Showing posts with label with my mother. Show all posts
Showing posts with label with my mother. Show all posts

Saturday, September 7, 2019

Watching Little Women (1994)... With My Mother

Watching Little Women (1994)... 

                                                                    ...With My Mother


Her: "I know you said I wasn't allowed to ask questions during this, but can I ask just one?"

Me: "Okay...."

Her: "Aren't there supposed to be five daughters?"

Me: "What, you think there's a fifth one hidden in a closet somewhere, just waiting to make a grand entrance?"

Her: "Yes. Maybe."

* * *


Me: "Ugh, Amy is the worst."

Her: "Yes, and good things always happen to her."

Me: "Right? She gets to go to Europe, marry Laurie.... Sometimes I like to imagine a different ending for her, though."

Her: "Like what?"

Me: "Like one where she has to marry Mr. Wickham."

* * * 


Marmee March, talking to Meg about John Brooke's proposal: "Yes, but I'd prefer [John] had a house [before you marry]!"

Me: "If you were required to have a house before you got married nowadays, nobody would ever get married except for middle-aged people going into their second marriage."

Her: *sad nod*

* * *



Laurie: *proposes to Jo*

Me: "I'm kind of glad she says no at this point. They're both so young."

Her: "No, they're older! Remember, it said 'Four Years Later'."

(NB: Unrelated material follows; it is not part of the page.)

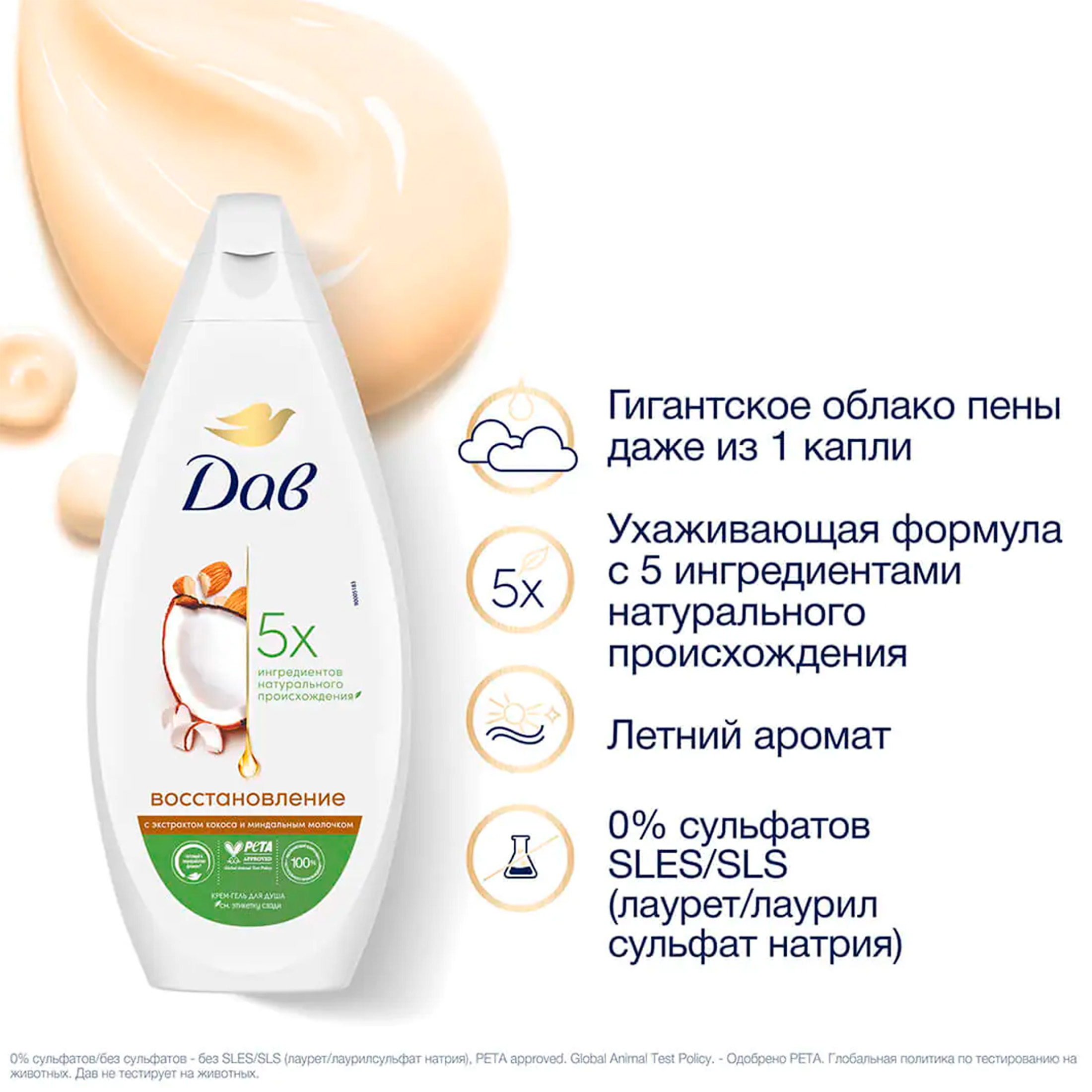 Крем-гель для душа Дав Ритуал красоты Кокос и Масло миндаля 250 мл в интернет-магазине Санвэй интенсивно смягчает Вашу кожу прямо в душе благодаря питающей силе Дав, усиленной природным блендом кокосового масла и миндального молочка. Результат - восхитительно гладкая кожа. Обладает успокаивающим нежным ароматом.
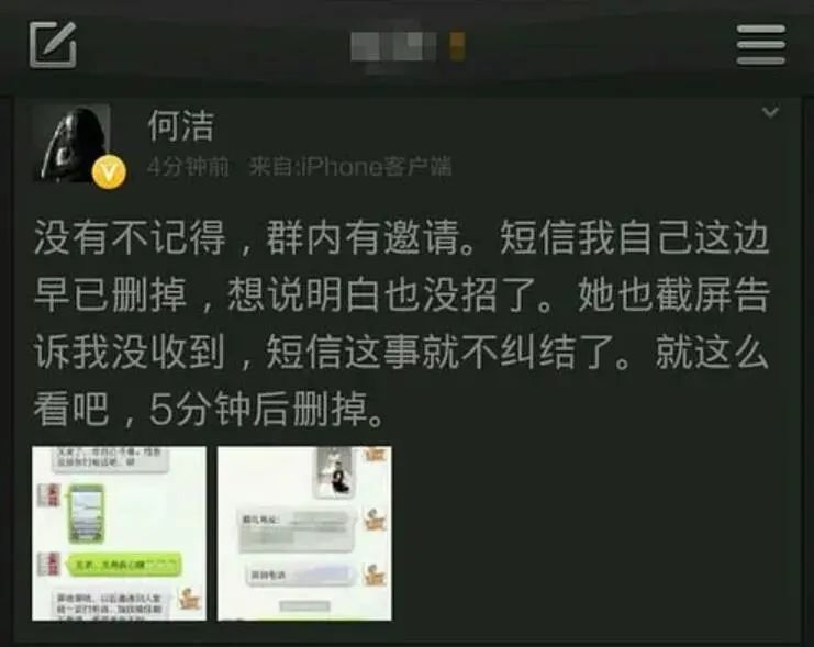 何洁又发了长微博表示有短信截图,自己没说谎。

Me: "Yes, but look at his face."

Her: "Yes, such a baby face."


One scene later:


Laurie, growing facial hair as we speak: "YOU WERE SAYING...???"

* * *


See also:






Monday, July 16, 2018

Watching "Cranford" With My Mother


possible semi-spoiler warning?

Mom: "You have to come watch the Cranford DVD with me! It's such a charming show!"

Me: "Fine whatever okay."

45 minutes later:

Mom: "Did... did that lady... die?"

Me: "Looks that way."

30 minutes later:

Mom: "Is... is HE dead?"

Me: "Looks that way."

1 minute later:

Mom: "Wait, she's dead, too?"

Me: "Looks that way."

30 minutes later:

Me: "And now he's dead. That's four people in three episodes. This is the most depressing show ever. I'm sorry I ever complained about all those characters on Downton Abbey being put on a bus. At least they got to return a few episodes later. It's not like they had to die! Well, except for Matthew."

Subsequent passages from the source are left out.